EXERCISE 1 Characterize the distinction between those publications that typically localize citations within a document’s text and those that collect all citations at the document’s end. How does this vary across types of publication and across topical areas?

EXERCISE 2 Imagine you are an assistant professor. You realize that you will be evaluated for tenure soon and that your citation index (the number of citations to your papers) will be a major factor in the decision. One strategy might be to find a famous person in your field and criticize a central tenet of one of his or her major papers. Even if you’re wrong, you are almost guaranteed to have many replies to your (specious) argument. Although it may be embarrassing, your citation count should go through the roof!

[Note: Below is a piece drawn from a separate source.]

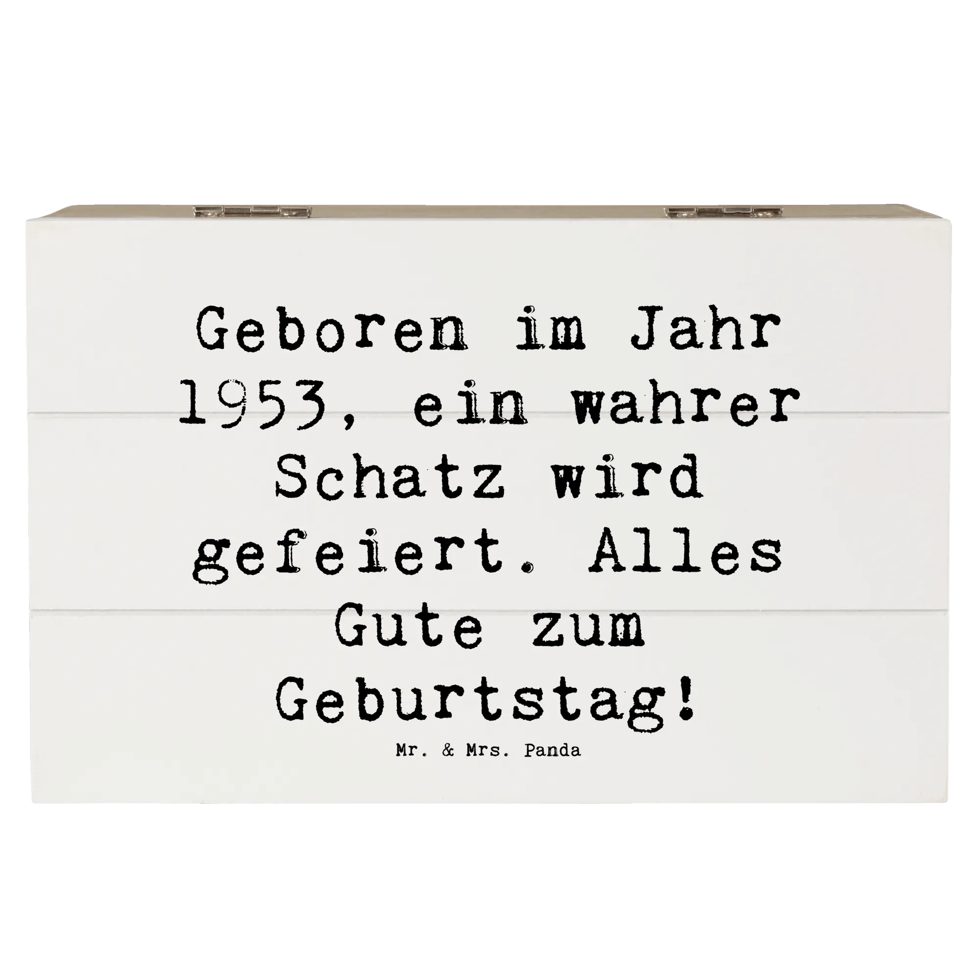 Die wunderschöne Holzkiste von Mr. & Mrs. Panda ist das perfekte Geschenk für all jene, die im Jahr 1953 geboren wurden. Egal ob zum 70. oder 80. Geburtstag – diese Schatzkiste erzählt eine ganz besondere Geschichte!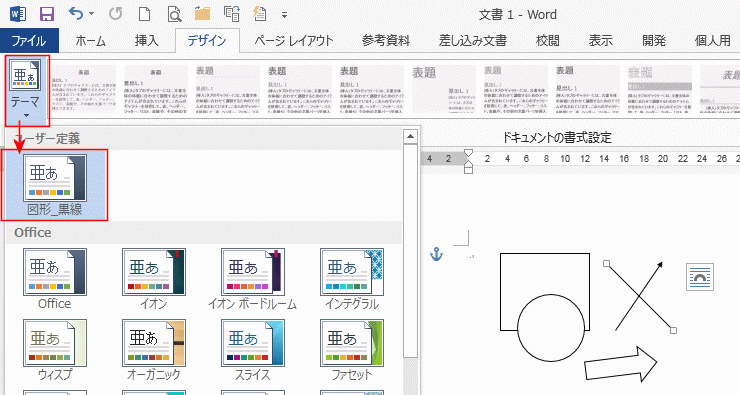 下図はテーマ「ジャポン」をポイントしたところです、テーマ「Office」で描画した図形のみが変更される様子が分かります。

Estimate the research front width for your field, and compute how far ahead of time you would need to begin this strategy for it to count in your tenure decision.

EXERCISE 3 Construct a Boolean function SameName(Name1, Name2) that returns 1 if the two people’s proper names should be treated as equivalent references and 0 otherwise.

First, try constructing your best manual solutions.

Next, try to learn this function. Ideally it should be trained with paires of names for which you have made the correspondences yourself (as well as “negative” examples of nonmatching names). See what happens if you use your manually constructed solutions as a training signal.

Finnaly, extend the function to a BestName(Name1, Name2) that still returns a 0 if the name are the same, but a merged Name1+2 that combines the best features of both (e.g., if one has a full versus abbreviated first name and other has a middle initial).

EXERCISE 4 Repeat Exercise 3 but with bibliographic citations rather than people’s names. (Note, however, the dependence of the bibliographic solution on the sameName(Name1, Name2) function.)

EXERCISE 5  One estimate (offered by someone familiar with the industry) of the value of West’s page numbers Page numbers are worth real money over legal citations without them was $400M. Use this estimate together with an estimate of the average case length per page to give a per-page estimate of the additional value of this higher precision.

EXERCISE 6  A good test of coverage is provided by a sample of papers in a proceedings of the major AI conference, AAAI. Using the data set of file AAAI94-submissions.t, determine what fraction of current AI work can be traced back to the 1954 founding fathers.

EXERCISE 7  Names like JOHNSON purportedly began as names to describe sons of John. Suggest rules like those used in Porter’s stemmer to exploit systematic variations in family names such as this.